Supplied information Block Start
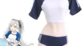 この衣装はスポーティーな雰囲気を持つ体操服系コスチュームで、クロップ丈トップとローライズショーツの2点セットとしてまとまっています。トップはラグラン切替の半袖で、丸首ネックと裾のゴム入りにより胸元とウエスト周りを程よく強調するタイトめのシルエットを作ります。ショーツは腰骨に沿う低めのウエストで、サイドに入った並列ラインがアクセントになりヒップラインをきれいに見せます。素材は薄手で伸縮性のある水着ライクな生地感で、わずかな光沢と滑らかな肌触りが特徴です。装飾は袖のライン、ショーツのライン、ロールアップされた袖口といったスポーティーなディテールに絞られており、余計な付属はほとんどないためコーディネートしやすい設計です。この衣装は撮影やコスプレイベント、屋内ポートレート、テーマパーティーなどで活躍し、動きやすさと程よい露出で健康的かつやや挑発的な印象を演出したいシーンに適しています。ニーハイやスニーカー、ヘアリボンでアレンジすればよりスポーティーな完成度が高まります。
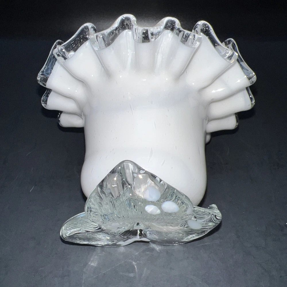 Hand-Blown Art Glass Flower Shaped White Swirl Silver Crested Tea Light Holder
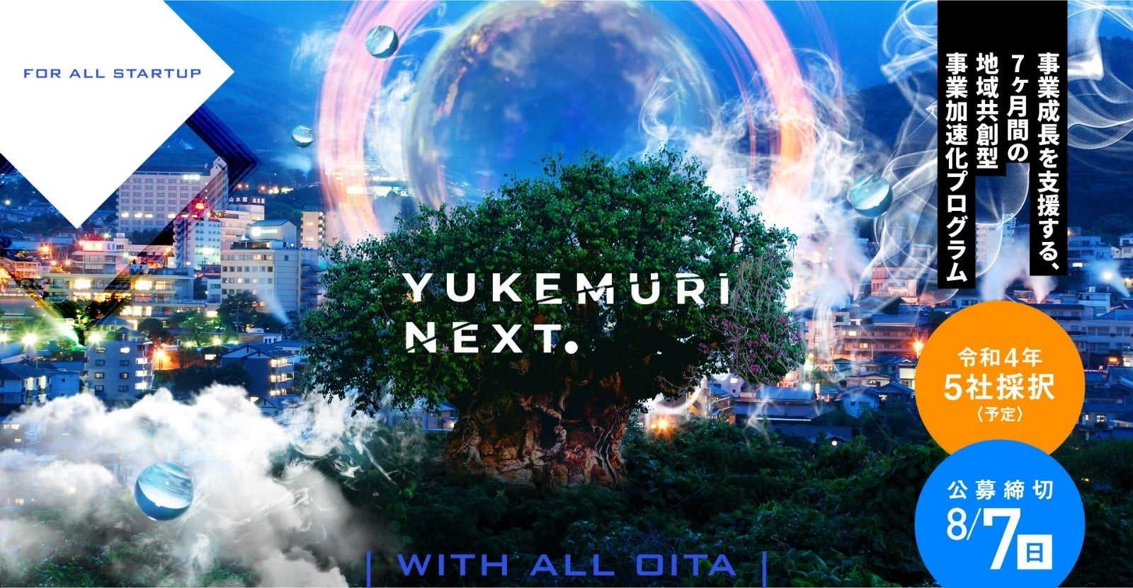 大分県と公益財団法人大分県産業創造機構(おおいたスタートアップセンター)では、成長志向の高い大分県内の起業家、第二創業となる新規事業の成長を目指す中小企業の経営者又は後継となる将来の経営者候補に対して、事業成長を徹底的に支援する地域共創型事業加速化プログラム「YUKEMURI NEXT.(湯けむりネクスト)」を実施します。
Supplied information Block End
## Directions
Apart from the pictures, all of the data should be repeated exactly.

## Exercise answer
 この衣装はスポーティーな雰囲気を持つ体操服系コスチュームで、クロップ丈トップとローライズショーツの2点セットとしてまとまっています。トップはラグラン切替の半袖で、丸首ネックと裾のゴム入りにより胸元とウエスト周りを程よく強調するタイトめのシルエットを作ります。ショーツは腰骨に沿う低めのウエストで、サイドに入った並列ラインがアクセントになりヒップラインをきれいに見せます。素材は薄手で伸縮性のある水着ライクな生地感で、わずかな光沢と滑らかな肌触りが特徴です。装飾は袖のライン、ショーツのライン、ロールアップされた袖口といったスポーティーなディテールに絞られており、余計な付属はほとんどないためコーディネートしやすい設計です。この衣装は撮影やコスプレイベント、屋内ポートレート、テーマパーティーなどで活躍し、動きやすさと程よい露出で健康的かつやや挑発的な印象を演出したいシーンに適しています。ニーハイやスニーカー、ヘアリボンでアレンジすればよりスポーティーな完成度が高まります。
 Hand-Blown Art Glass Flower Shaped White Swirl Silver Crested Tea Light Holder
 大分県と公益財団法人大分県産業創造機構(おおいたスタートアップセンター)では、成長志向の高い大分県内の起業家、第二創業となる新規事業の成長を目指す中小企業の経営者又は後継となる将来の経営者候補に対して、事業成長を徹底的に支援する地域共創型事業加速化プログラム「YUKEMURI NEXT.(湯けむりネクスト)」を実施します。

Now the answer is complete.